ADSL Breakthrough with a slice of humble pie.

Posted on March 10th, 2007 by grinthock.
Categories: Cisco Sucks Department, Murphys Law Department.

So after writing my previous note and thrashing Cisco, as many people do on a constant basis, I started researching — AGAIN. I was specifically told this card can do 8MB down, and was told by a Cisco person I know, and she knows her shiat!

I was able to find out that depending on the IOS version of your router — the default clockrate for the ATM interface associated with the ADSL wic is actully 2500 (sounds familiar) so I went in and swapped it — and now the new ADSL card is giving me numbers like this

I guess a bit of murphy’s law is at play here, as soon as I finally give up and write my article the problems get’s fixed.
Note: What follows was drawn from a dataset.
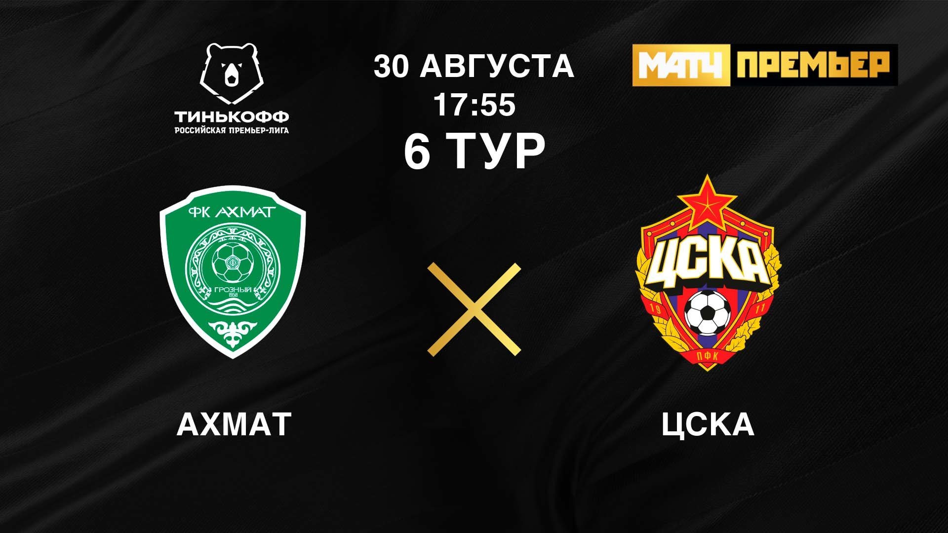 Футбол. Мир Российская Премьер-Лига. "Ахмат" (Грозный) - "ЦСКА" (Москва). Прямая трансляция матча – 30 августа. На ТВ: МАТЧ ТВ и МАТЧ ПРЕМЬЕР. Эфир стартует в 18:00. Онлайн-трансляция доступна на сайте.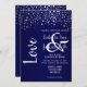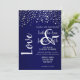 Wedding Invitation. Featuring a modern wedding styled invitation in a dark navy blue background with silver confetti dots and the word love in bold print. ⭐This Product is 100% Customisable. Graphics and / or text can be added, deleted, moved, resized, changed around, rotated, etc... 99% of my designs in my store are done in layers. This makes it easy for you to resize and move the graphics and text around so that it will fit each product perfectly. 📌 (Please be sure to resize, change, add, delete or move any graphics or text if needed before ordering) You can also "TRANSFER DESIGN" on other Zazzle products and adjust the design to fit most of Zazzle items. (click on the transfer area below) Some of the text graphics have ready to fill in the box(es) or you can Click on the "CUSTOMIZE" button to add, move, delete, resize, background colour or change any of the font or graphics. The design is made with high resolution vector and/or digital graphics for a professional print. 📌NOTE: (THIS IS A PRINT. All Zazzle product designs are "prints" unless otherwise stated under "About This Product" area) The design will be printed EXACTLY like you see it on the screen and on the product...so please make sure when you do your changes on the resizing of any of the graphics or text that it fits in the areas correctly and that your spelling and wording is how you like it to be in size, colour and font. If you have any questions about the "DESIGN ONLY" or need help please contact me through my store link: https://www.zazzle.com/store/LetsUDesignIt (Copy and Paste) I'll be happy to help. ⭐ ALL OTHER QUESTIONS SUCH AS (shipping, refund, the printing being incorrect, the product itself, etc...) please contact Zazzle or the Maker ⭐DIRECTLY⭐. Thank you for the support and stopping by my store - LetsUDesignIt. ⭐⭐⭐ ZAZZLE promises 100% satisfaction.

For the purposes of google, the command to fix it was “clock rate aal5 8000000″

So of course me being even more stubborn and wanting to tell myself I was not blaming this hardware completly in vain, I put the old card back in, the one with the known distance problem to see if that card will operate correctly.

So I guess this is me taking a big bite of humble pie, but it all started harmless enough – however — why in gods name would the default command for clock rate be so low — I mean it auto negotiates it anyway, it’s kind of like putting a brick under your accelerator pedal in the car, there’s just no reason to do it.

Oh well — now i’ve completly wasted my time – well not really, I learned a lot about ADSL troubleshooting from a very low level, and i’m definatly geared with the knowledge to troubleshooting line related issues in the future, so it’s not a total loss, however at the end of the day i’m glad Cisco’s gear was able to step up to the plate and prove itself…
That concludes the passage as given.